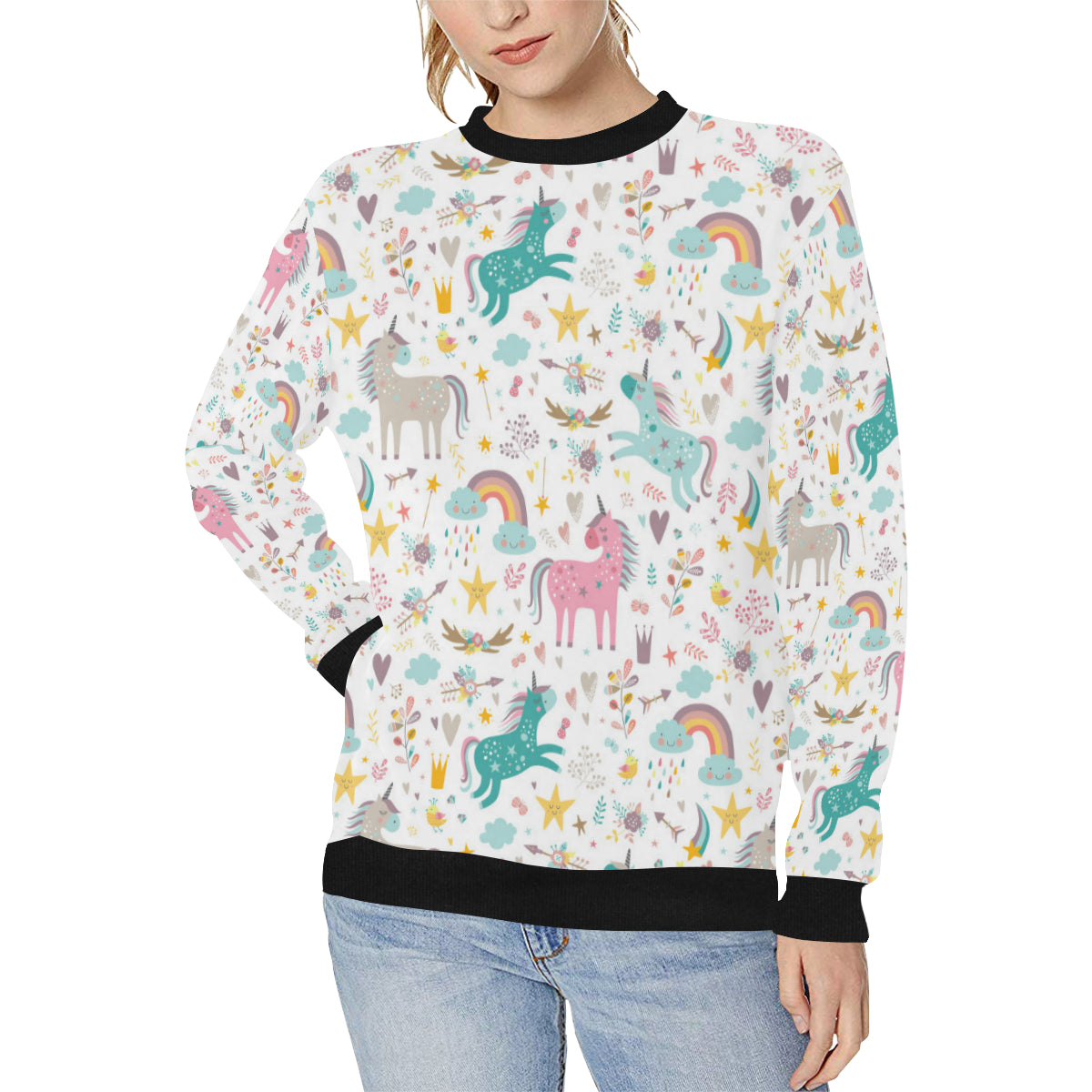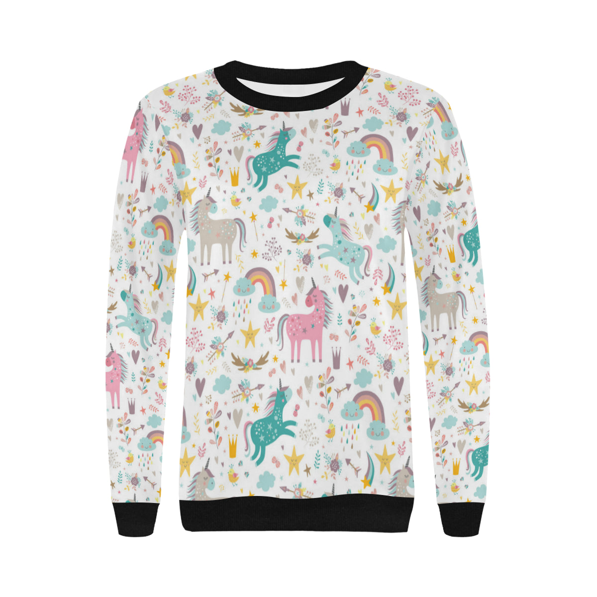 Colorful unicorn pattern Women's Crew Neck Sweatshirt is a uniqued design and limited item. It made to order, hand printed, and sewn with love in our factory.
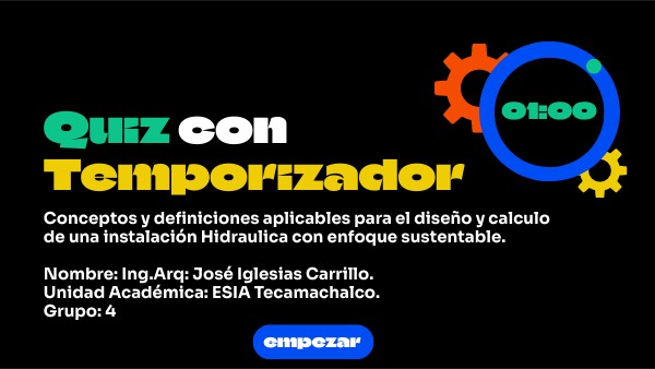 Conceptos y definiciones aplicables para el diseño y calculo de una instalación Hidraulica con enfoque sustentable. Nombre: Ing.Arq: José Iglesias Carrillo. Unidad Académica: ESIA Tecamachalco. Grupo: 4
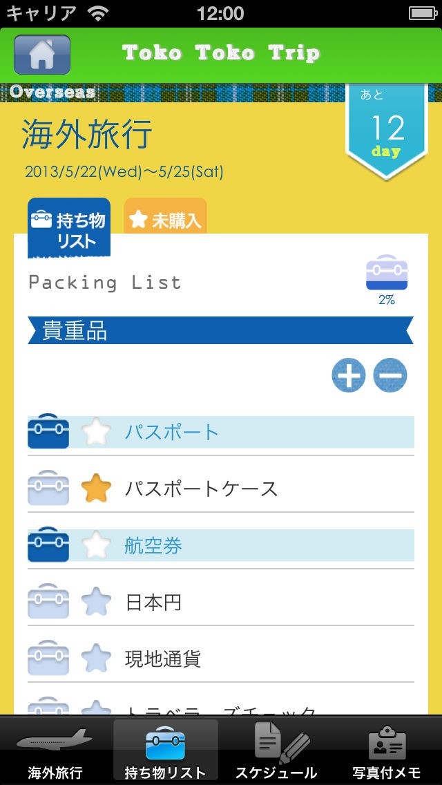 それぞれ違うテンプレートの持ち物リストをご用意。
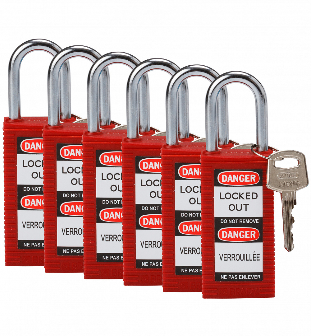 Замки Brady системы Lockout Tagout для обеспечения безопасности на производстве, сохранения здоровья и жизни работников. Универсальны в применении, а удлинённый корпус позволяет нанести большое количество текстовой и графической информации (например, предупреждения на нескольких языках). Ключи стандартные в среднем на 15000 комбинаций.
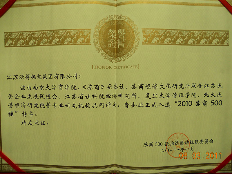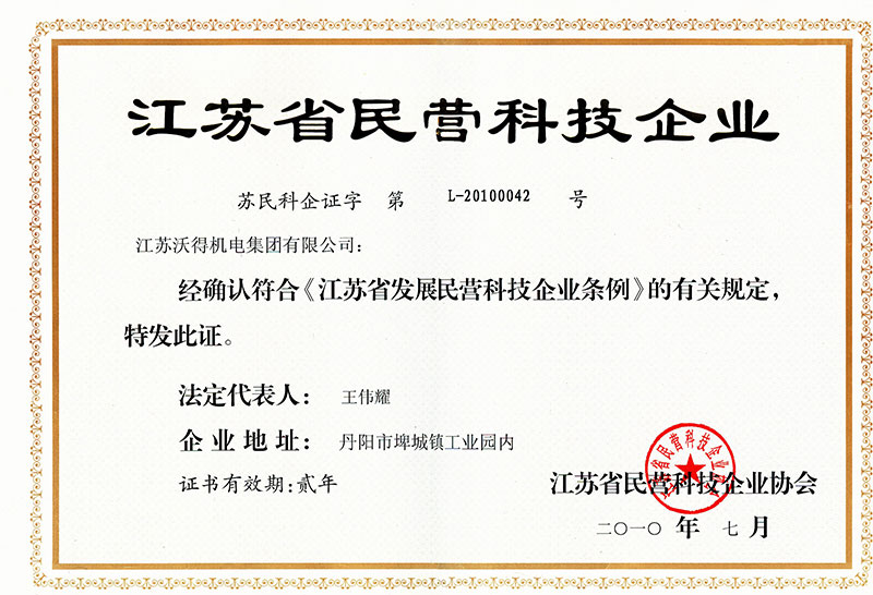 擁有注冊商標證書26個,2006年“WORLD” 獲得江蘇省著名商標稱號、2009年“沃得”商標獲得江蘇省著名商標稱號;

WHAT TO PRODUCE
Where the line containing "それぞれ違うテンプレートの持ち物リストをご用意。" appears, begin writing out the lines word for word, and continue through the last line of the data, leaving out pictures.

EXERCISE ANSWER
 それぞれ違うテンプレートの持ち物リストをご用意。
 Замки Brady системы Lockout Tagout для обеспечения безопасности на производстве, сохранения здоровья и жизни работников. Универсальны в применении, а удлинённый корпус позволяет нанести большое количество текстовой и графической информации (например, предупреждения на нескольких языках). Ключи стандартные в среднем на 15000 комбинаций.
 擁有注冊商標證書26個,2006年“WORLD” 獲得江蘇省著名商標稱號、2009年“沃得”商標獲得江蘇省著名商標稱號;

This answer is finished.